With any pictures left out, restate word for word the lines in the listing below from the one holding "Park Luna Light" through the last.

■ **Information provided**
--- --- ---

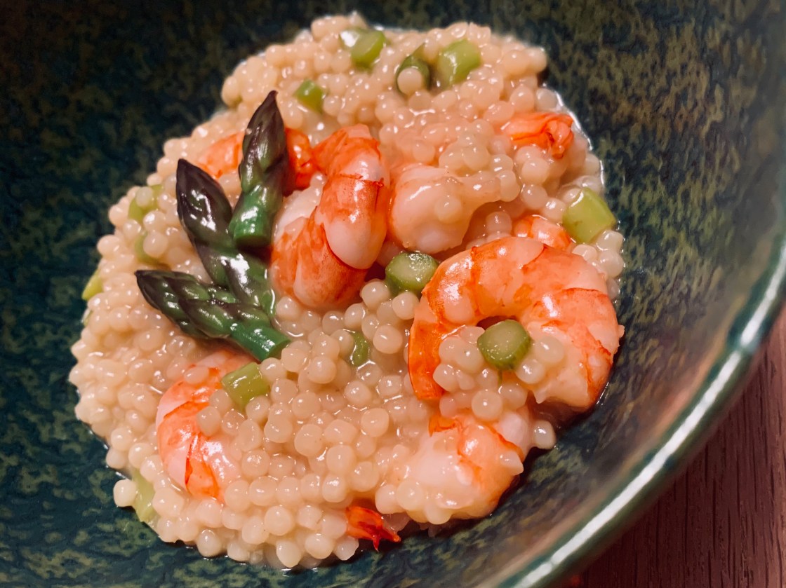 Den Wein einkochen lassen und mit dem Spargelfond wie bei einem Risotto so lange aufgiessen bis der Couscous bissfest ist. Zum Schluss die Garnelen zum Couscous geben um sie nochmals kurz zu erwärmen.
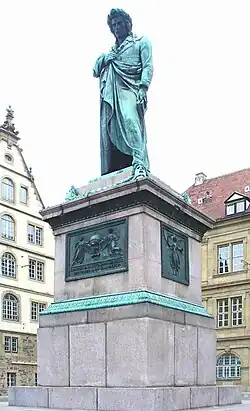 Viele Jahrzehnte später erhält ein dänischer Bildhauer aus Deutschland den Auftrag, eine Statue des berühmtesten Sohnes der Stadt Marbach zu schaffen. Das Metall dazu stammt von jener Glocke, die als Schrott verkauft und danach eingeschmolzen worden war.
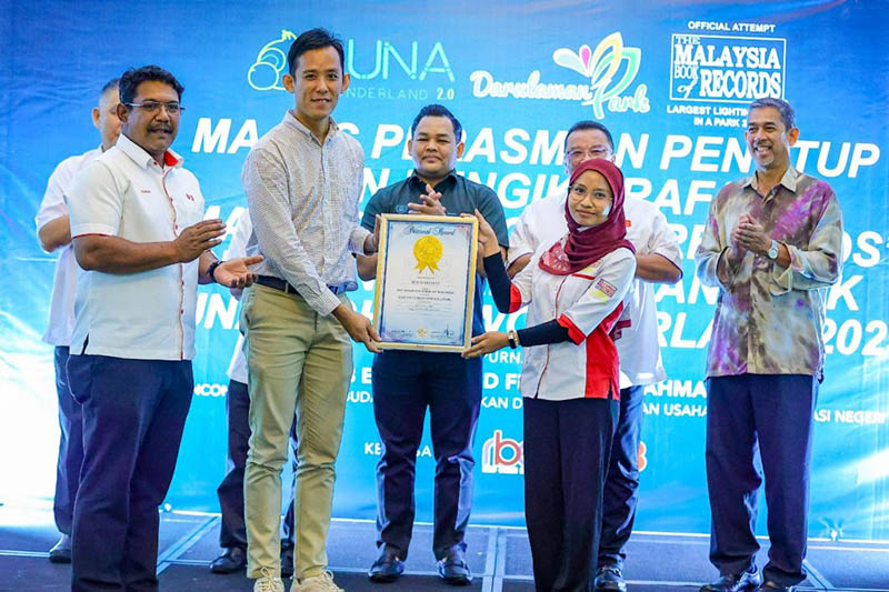 “Darulaman Park Luna Light Wonderland”灯会日前由州行政议员莫哈末费道斯主持熄灯闭幕仪式,同时也见证灯会跻入大马纪录大全,出席者也包括该公司执行长拉惹莎林、董事莫哈末索比里。
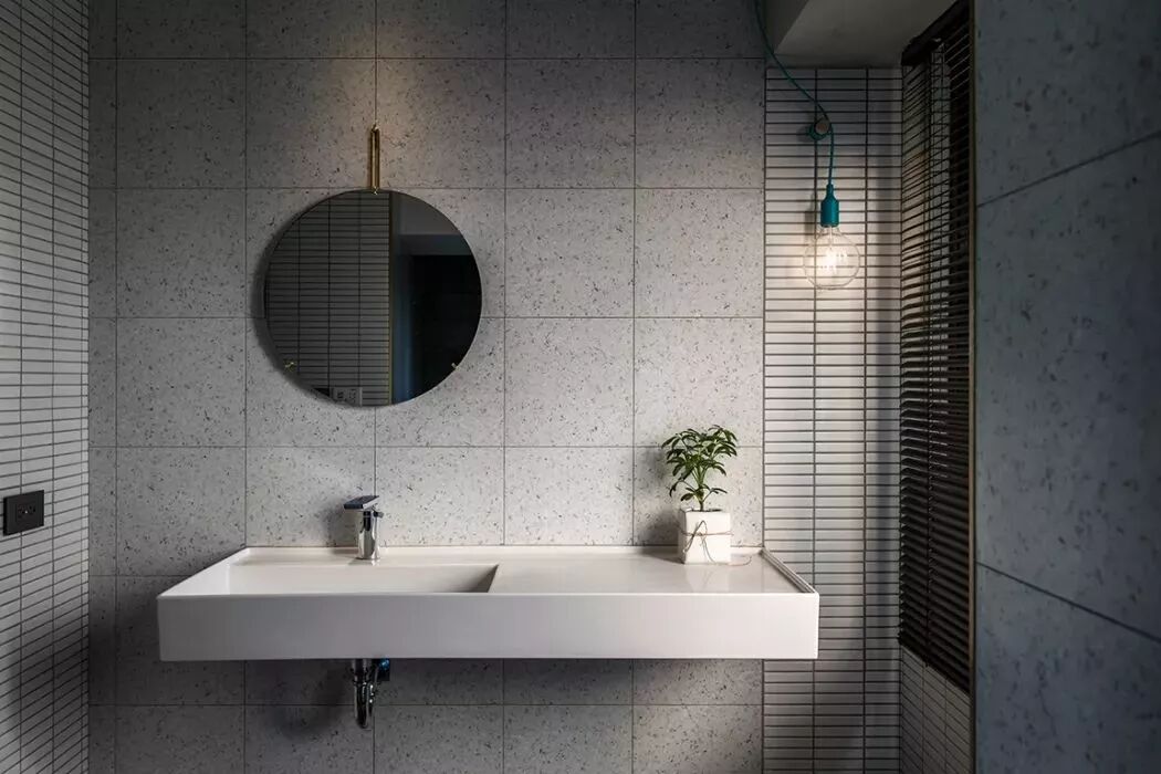 ▲卫生间整体灰色石米质感的墙面,装上一个悬空洗手盆,挂上一个圆形的镜子,装扮出一个简单而又充满神秘感的卫生间。

--- --- ---

■ **Written answer**
 “Darulaman Park Luna Light Wonderland”灯会日前由州行政议员莫哈末费道斯主持熄灯闭幕仪式,同时也见证灯会跻入大马纪录大全,出席者也包括该公司执行长拉惹莎林、董事莫哈末索比里。
 ▲卫生间整体灰色石米质感的墙面,装上一个悬空洗手盆,挂上一个圆形的镜子,装扮出一个简单而又充满神秘感的卫生间。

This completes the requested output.